Stardate
20020226.1952 (On Screen): You see, we got this thing here in the US called the First Amendment. We really care a lot about it; it's one of the most important sentences in the Constitution. It guarantees us a right of free expression, which we in the US think is indispensable. One thing in particular that it doesn't do is to protect us from being offended, because we in the US think that if only inoffensive speech is protected then the protection is a sham. Anyone could censor anyone else just by declaring that they were being offended in some way.
We're not about to give up the First Amendment just to get along with other governments, and especially not just so we can suck up to a pompous French court that doesn't know its own limits. And that is what we're facing now.
France has much more stringent restrictions on speech. It's their nation; they can do what they want within their borders. But a French court has decided that this isn't enough; it wants to apply French law to what Americans say within the borders of the US, if it is possible for anyone in France to be exposed to that speech. Of course, on the Web anyone can read what anyone else in the world writes, and so the French court is trying to force a US company to remove certain materials from a web server based in the US, because it can be accessed in France. It issued a court order.

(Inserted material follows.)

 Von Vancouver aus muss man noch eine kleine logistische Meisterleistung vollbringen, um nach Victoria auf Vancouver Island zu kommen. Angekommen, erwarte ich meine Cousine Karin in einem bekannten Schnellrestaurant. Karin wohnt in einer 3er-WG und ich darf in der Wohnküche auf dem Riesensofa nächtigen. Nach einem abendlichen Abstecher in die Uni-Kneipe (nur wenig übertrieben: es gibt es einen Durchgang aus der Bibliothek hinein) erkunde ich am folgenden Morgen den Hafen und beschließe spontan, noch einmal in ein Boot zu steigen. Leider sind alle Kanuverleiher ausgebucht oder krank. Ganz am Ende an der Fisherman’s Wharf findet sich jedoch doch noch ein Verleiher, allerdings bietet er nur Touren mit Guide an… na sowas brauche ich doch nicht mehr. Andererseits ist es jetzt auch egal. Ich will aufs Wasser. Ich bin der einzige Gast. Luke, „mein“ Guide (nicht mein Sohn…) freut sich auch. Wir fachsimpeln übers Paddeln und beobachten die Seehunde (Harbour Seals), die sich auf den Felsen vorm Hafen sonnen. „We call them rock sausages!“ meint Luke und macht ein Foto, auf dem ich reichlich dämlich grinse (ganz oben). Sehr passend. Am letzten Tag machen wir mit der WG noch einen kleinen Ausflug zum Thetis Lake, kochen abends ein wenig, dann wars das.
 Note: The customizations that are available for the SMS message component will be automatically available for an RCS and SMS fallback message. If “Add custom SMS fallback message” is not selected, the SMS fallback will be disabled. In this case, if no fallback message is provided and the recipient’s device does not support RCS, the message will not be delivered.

A US court ruled last year that the French court did not have jurisdiction to issue such orders to be applied within the US, and that First Amendment rights of free expression could not be abridged in that way. That was exactly the right way to rule. Were that ruled otherwise, Americans would only have the ability to express things online if they did not violate any law in any nation anywhere on earth, which would shred the First Amendment and make it completely meaningless.
The precedent was set by the Third Circuit Court's CDA decision, which decided how the First Amendment would apply online, and which was upheld by the Supreme Court. Americans have extremely broad right to express themselves online, and by long precedent that applies to corporations as well. And it emphatically does include the right to unpopular speech, even to offensive speech because if it did not it would be useless.

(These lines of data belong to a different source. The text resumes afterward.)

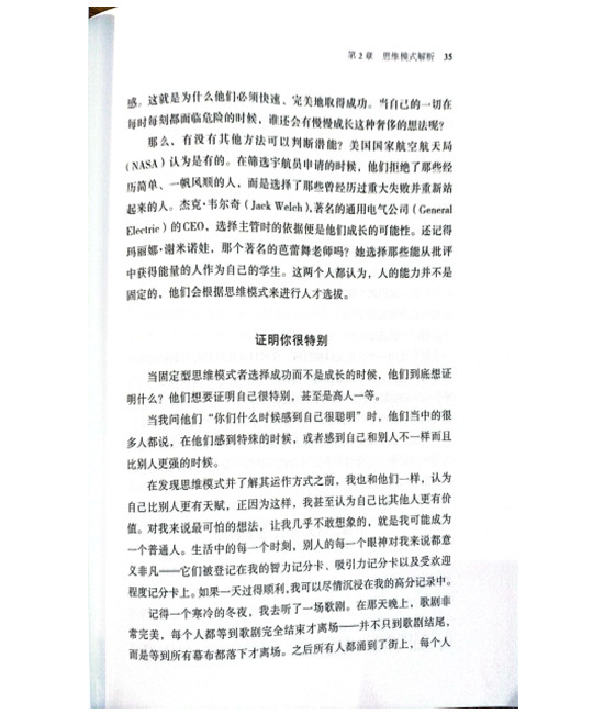 在本书中,作者深刻剖析了人类两种思维模式:即固定型与成长型思维模式,指出不同的思维模式会创造出不同的世界。决定我们是否成功的,不是能力和天赋,而是在固定型思维模式和成长型思维模式当中你选择了哪一种。成长型思维模式是一种健康、积极、不断进取的思维模式,它不推崇智商或成功本身,而将关注点放在持续不断的努力、不畏挫折的态度上。作者通过体育、商业、两性关系和家庭教育等领域的大量例证,帮助读者认识什么是成长型思维模式,并为读者确立正确的思维模式提供了切实可行的途径。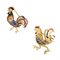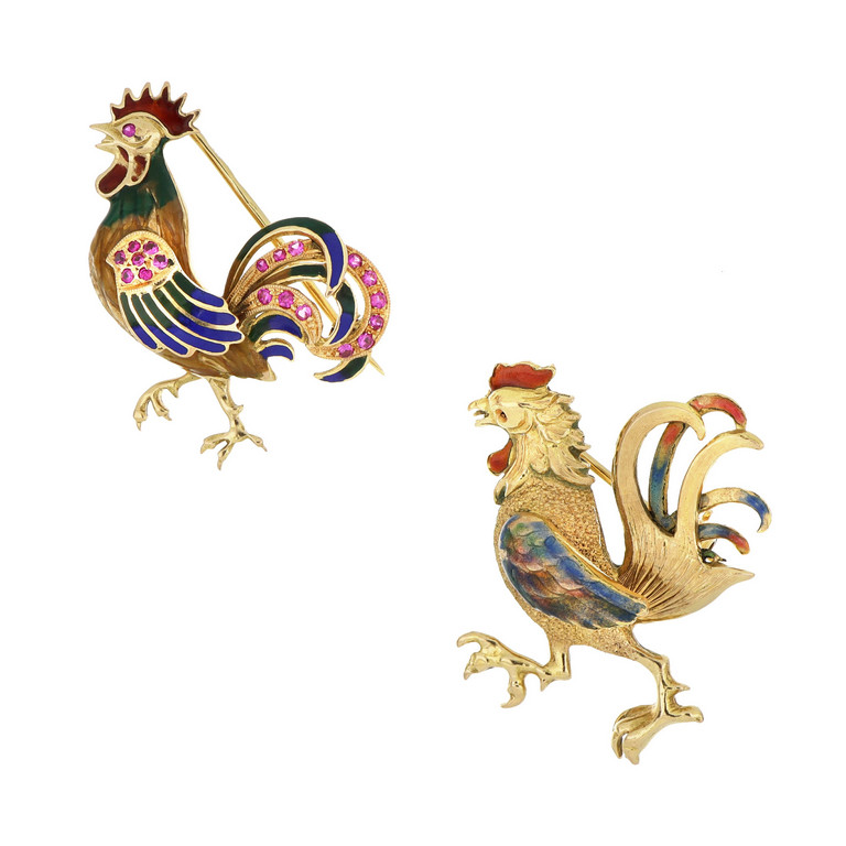 Lotto composto di due spille a forma di gallo in oro giallo con smalti policromi piccoli rubini sintetici.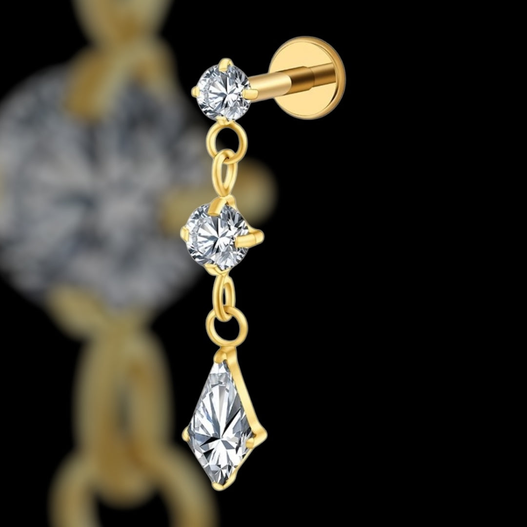 Labret pampille losange strass - bijoux piercing en titane de qualité
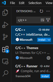 좌측 바에서 EXTENSIONS탭을 선택하고 C/C++를 검색한 뒤 마이크로소프트의 뱃지가 붙어있는 C/C++를 설치한다.
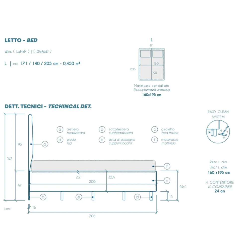Letto matrimoniale con tessuto colore Blu. E' disponibile anche in versione Marrone scuro, Grigio grafite, Grigio perla, Verde, Rosa antico, Marrone sabbia.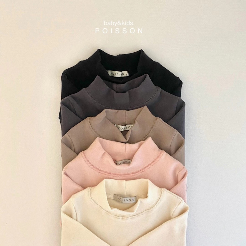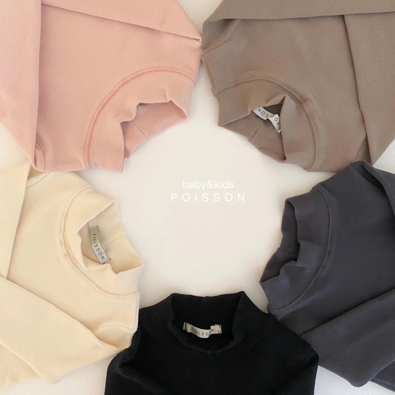 Товар в наличии корейский Poisson оригинал детские Мягкий высокая воротник длинный рукав Нижнее белье сплошной цветной рубашкой / верх Одежда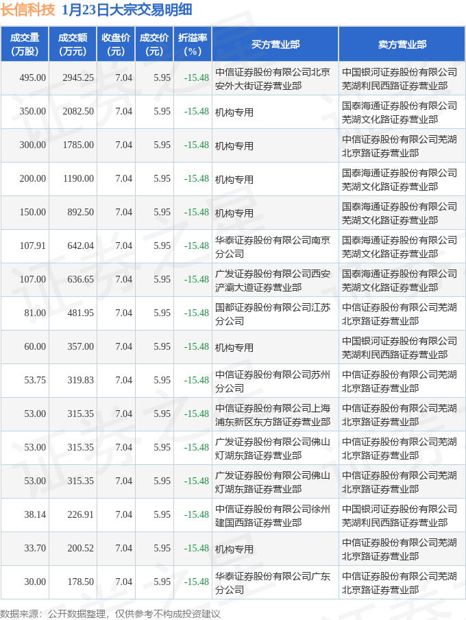 证券之星消息,1月23日长信科技发生大宗交易,交易数据如下: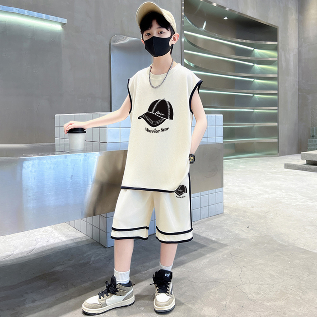 童装24年夏季男童背心套装休闲撞色潮流两件套儿童洋气百搭 446547

But never let it be said that the French are not tenacious: a court there has decided to initiate criminal prosecution against the American company and its CEO. Prison and fines.
The French court can stuff it. There is no possible way that the US will extradite someone solely because they exercised their constitutionally protected right of free expression within US borders. The French can abridge their own right of free expression all they want, but they better damned well keep their fingers off of mine here in the US.